J'ai toujours été fasciné par les gens qui ont choisi de consacrer leurs journées à élever les enfants des autres. Chaque jour, des centaines de milliers de petites frimousses prennent le chemin de la garderie. Ce n’est pas le nombre qui me surprend. C'est qu'il y ait autant gens pour s’en occuper. Il y a quelques jours, les responsables de service de garde (RSG) en milieu familial ont eu une bonne nouvelle : la signature d’une entente qui améliore un peu leurs conditions. Bravo!
(En passant, oui, ce billet est au féminin, afin de simplifier le texte. Et non, je ne ferai pas de distinction entre RSG et éducatrices, pour la même raison).
J’aime les enfants. Mais parfois, je me demande si j’aurais la force de passer mes journées à la garderie, au milieu d’une bande de petites merveilles diaboliques. Qui crient, courent, frôlent les dangers sans broncher, se battent pour un jouet absolument impopulaire deux minutes auparavant, et s’en désintéressent après environ dix-huit secondes. Et que dire des heures de repas! Surveille celui-ci, débarbouille celui-là, convainc le troisième que du brocoli ce n'est pas toxique, ramasse le dégât du premier qu'on a omis de surveiller le temps d’un clin d’œil… De beaux moments. Je n'ose même pas imaginer comment ça se déroule au milieu d'une pleine tablée de démons en plein terrible two. Le CPE doit résonner comme un Centre du Petit Enfer.
Vous allez dire que beaucoup de parents ont la même mission chaque jour, d’élever leur famille et ce, sans être payés. Vous avez raison. Mais quand ce sont nos enfants, ce n'est pas exactement pareil. Pensez aux couches étrangères, par exemple… Élever les enfants des autres, c'est une véritable vocation. Vous n’aimez pas le mot élever ? OK, disons plutôt gérer :
Gérer les caractères de chacun, gérer leur vitesse d'apprentissage différente, gérer les activités, gérer les crises et les tirages de cheveux… Et surtout, gérer ses propres émotions. Ça doit être ça le pire, d'ailleurs: garder son équilibre mental en passant de longues heures au milieu de dix petites centrales nucléaires.

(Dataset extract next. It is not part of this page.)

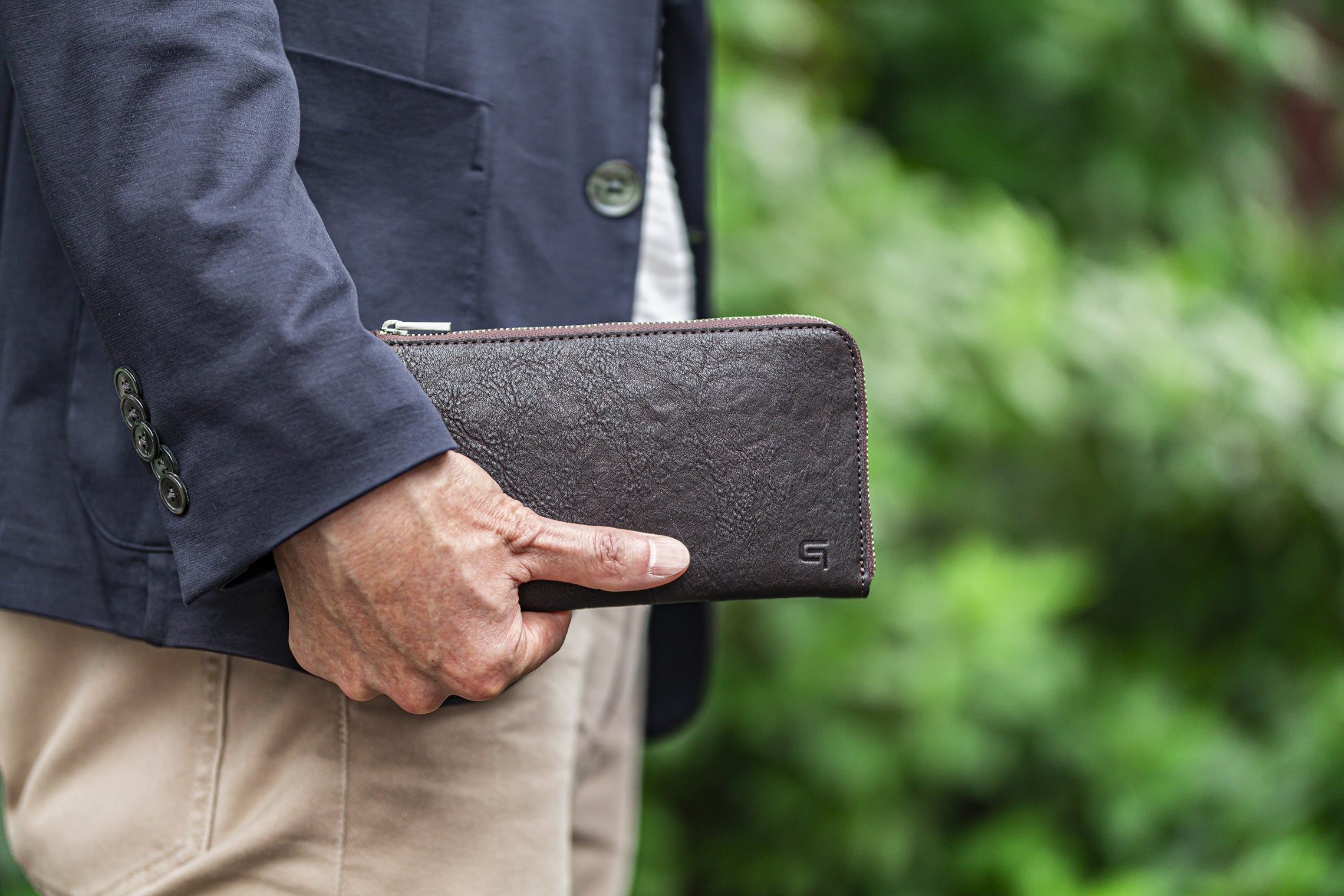 また、このずっと触っていたくなるような柔らかい質感は、全体を薄い作りにしつつも「革の質感が楽しめるように。」と、表とセンターポケット部分に適度な厚みを残してくれた職人さんの計らい。

Comme parents, nous avons le droit parfois d'être exaspérés par nos enfants. D’être découragés par leur manque de collaboration. De pogner les nerfs en se demandant ce qui nous a pris de vouloir nous reproduire. Mais pas elles. Elles n'ont pas le droit d'être tannées de nos enfants (en tout cas, pas de le montrer!) Pire, elles ne peuvent même pas se permettre d'en aimer un plus qu'un autre, d'avoir un chouchou et de le serrer dans ses bras plus que son voisin.
Nous avons le droit de choisir comment élever nos petits, de leur inculquer nos valeurs et de les inciter à les suivre. Les éducatrices, elles, doivent se débrouiller avec ce qui vient des parents. Et Dieu sait que les parents n'ont pas tous la même vision de l'éducation…
Les garderies ne sont pas toutes identiques mais elles sont pour la plupart remplies de gens passionnés. Chaque jour, nous sommes des milliers de parents à leur confier nos petits mousses, nos amours, nos vies. Des éducatrices à qui l'on demande d'être parfaites, d'imiter nos bons coups (sans nos erreurs), de leur apprendre tout ce qu'on n’a pas toujours la patience d'enseigner et bien sur de nous complimenter le soir venu sur nos adorables anges.
Oui, en voyant le beau travail qu'elles font, je passerais bien mes journées à la garderie. Pas comme éducateur, mais comme enfant. Chapeau!
Un merci tout spécial à Jacinthe, grâce à qui le « milieu familial » prend tout son sens.